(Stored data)
• • •
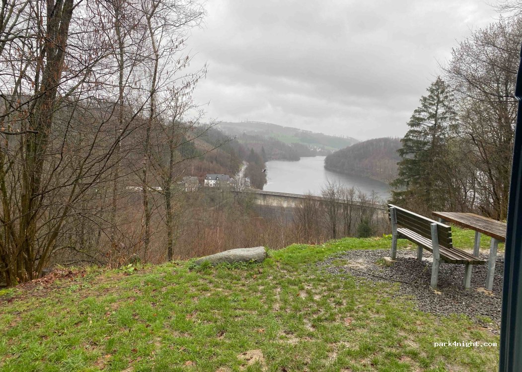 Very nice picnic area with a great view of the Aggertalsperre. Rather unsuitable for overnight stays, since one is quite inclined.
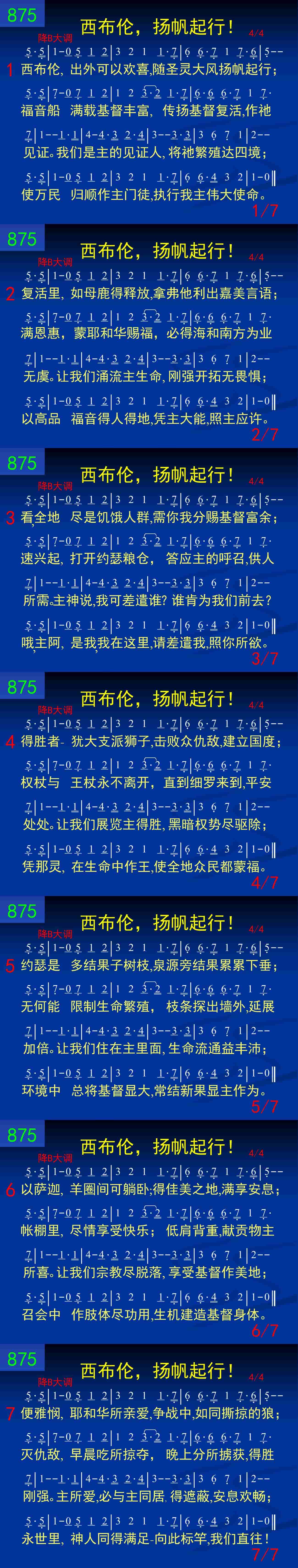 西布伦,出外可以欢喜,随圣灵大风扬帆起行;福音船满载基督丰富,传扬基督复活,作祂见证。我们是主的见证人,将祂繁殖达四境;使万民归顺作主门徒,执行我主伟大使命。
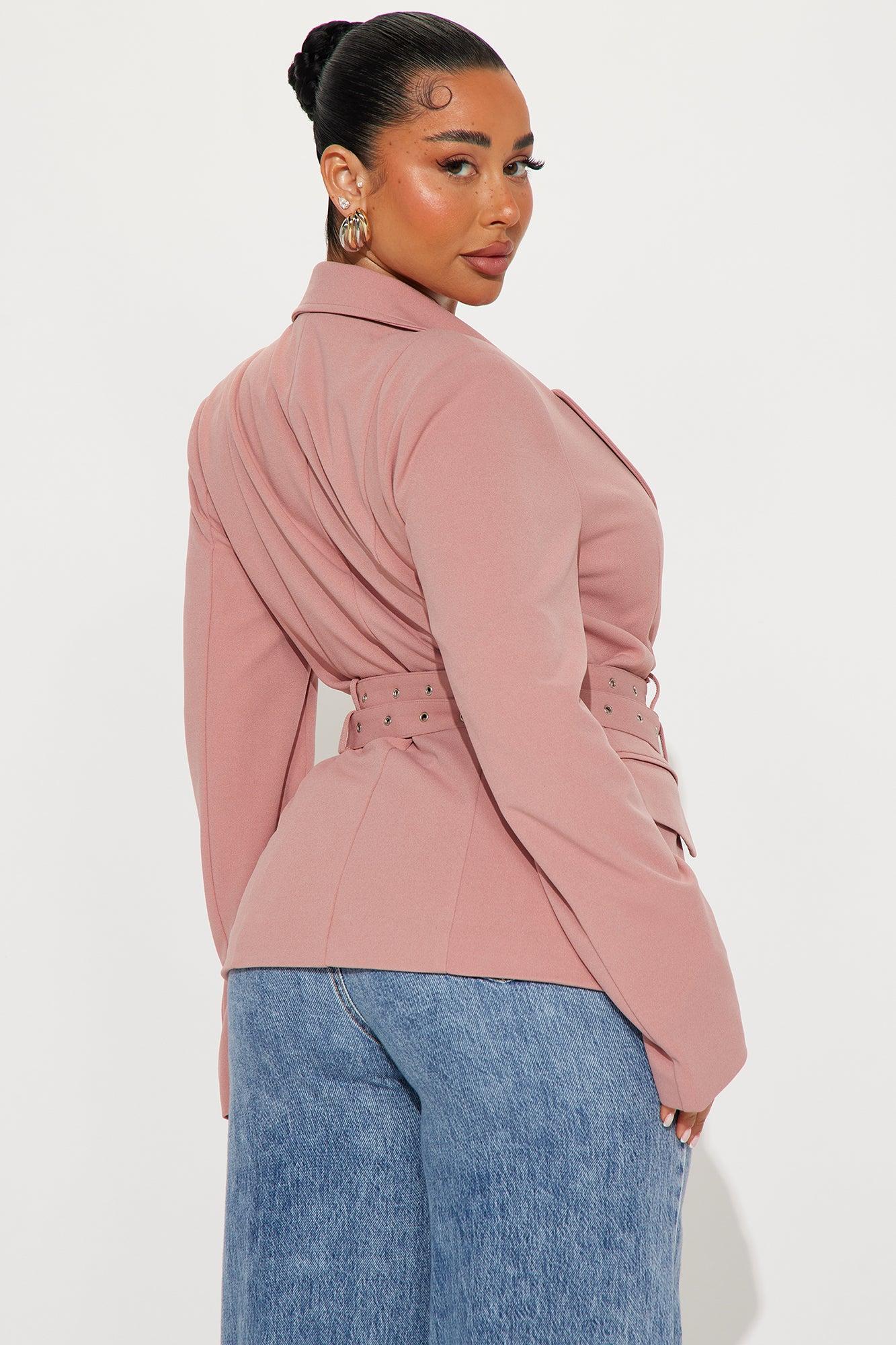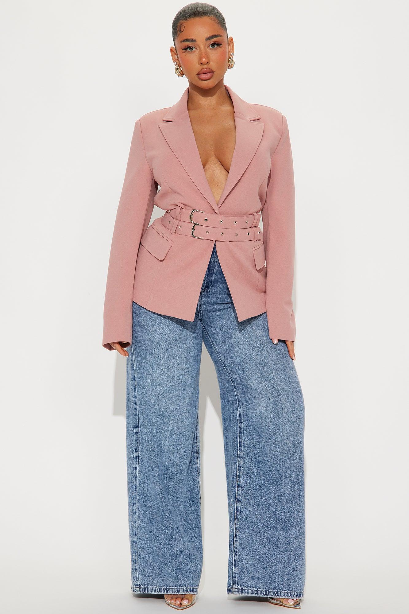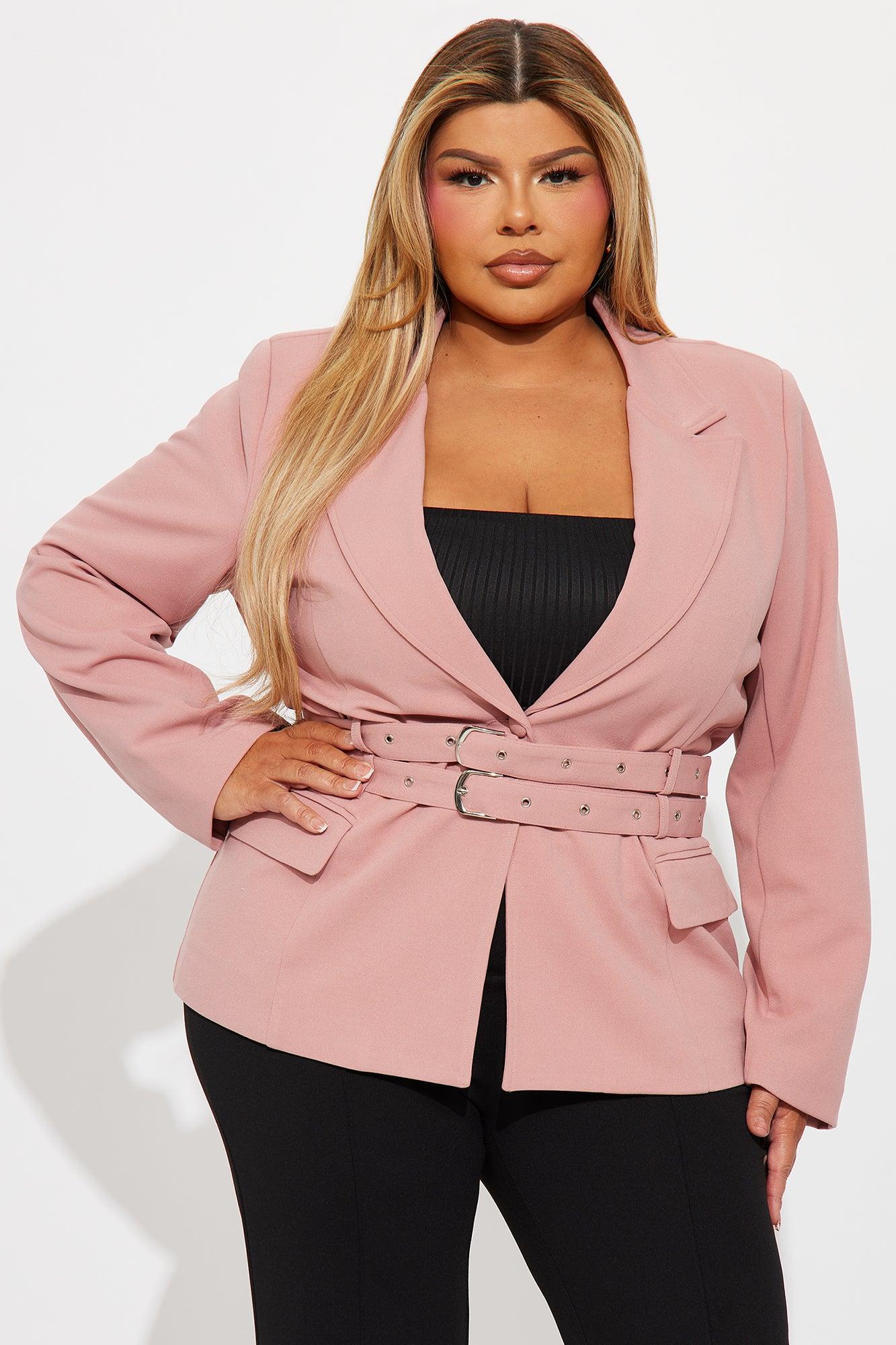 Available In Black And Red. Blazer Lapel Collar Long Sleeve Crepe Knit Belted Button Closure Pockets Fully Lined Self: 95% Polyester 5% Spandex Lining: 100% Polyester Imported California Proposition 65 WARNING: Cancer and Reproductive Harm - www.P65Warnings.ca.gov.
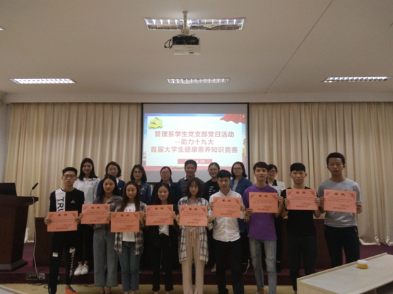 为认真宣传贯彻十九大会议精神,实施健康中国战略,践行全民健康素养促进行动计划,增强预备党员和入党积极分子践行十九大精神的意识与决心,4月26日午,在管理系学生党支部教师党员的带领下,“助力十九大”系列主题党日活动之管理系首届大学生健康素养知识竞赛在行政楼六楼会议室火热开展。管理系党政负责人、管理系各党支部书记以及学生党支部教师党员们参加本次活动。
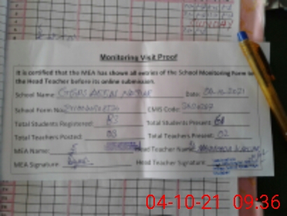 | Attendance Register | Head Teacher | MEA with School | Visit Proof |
• • •
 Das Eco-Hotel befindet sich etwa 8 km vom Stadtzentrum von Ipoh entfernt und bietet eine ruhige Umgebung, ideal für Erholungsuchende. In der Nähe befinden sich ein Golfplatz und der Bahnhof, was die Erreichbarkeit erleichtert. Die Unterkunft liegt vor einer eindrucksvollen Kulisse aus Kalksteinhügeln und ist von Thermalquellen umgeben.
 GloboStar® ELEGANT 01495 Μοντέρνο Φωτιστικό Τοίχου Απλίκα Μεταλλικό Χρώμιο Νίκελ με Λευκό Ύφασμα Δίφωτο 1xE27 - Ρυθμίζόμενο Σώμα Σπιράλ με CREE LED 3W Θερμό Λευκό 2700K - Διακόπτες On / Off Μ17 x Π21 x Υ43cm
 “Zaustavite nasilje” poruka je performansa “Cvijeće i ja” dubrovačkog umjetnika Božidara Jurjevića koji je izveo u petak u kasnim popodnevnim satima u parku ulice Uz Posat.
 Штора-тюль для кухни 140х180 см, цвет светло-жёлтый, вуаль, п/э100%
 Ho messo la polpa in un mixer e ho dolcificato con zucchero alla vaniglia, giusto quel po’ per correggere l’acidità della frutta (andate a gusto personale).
• • •
Work order >> A word-for-word reproduction is needed of the lines above from the line containing "Very nice picnic" through the line containing "Available In Black", with both ends kept and no pictures.

Result of this task >>
 Very nice picnic area with a great view of the Aggertalsperre. Rather unsuitable for overnight stays, since one is quite inclined.
 西布伦,出外可以欢喜,随圣灵大风扬帆起行;福音船满载基督丰富,传扬基督复活,作祂见证。我们是主的见证人,将祂繁殖达四境;使万民归顺作主门徒,执行我主伟大使命。
 Available In Black And Red. Blazer Lapel Collar Long Sleeve Crepe Knit Belted Button Closure Pockets Fully Lined Self: 95% Polyester 5% Spandex Lining: 100% Polyester Imported California Proposition 65 WARNING: Cancer and Reproductive Harm - www.P65Warnings.ca.gov.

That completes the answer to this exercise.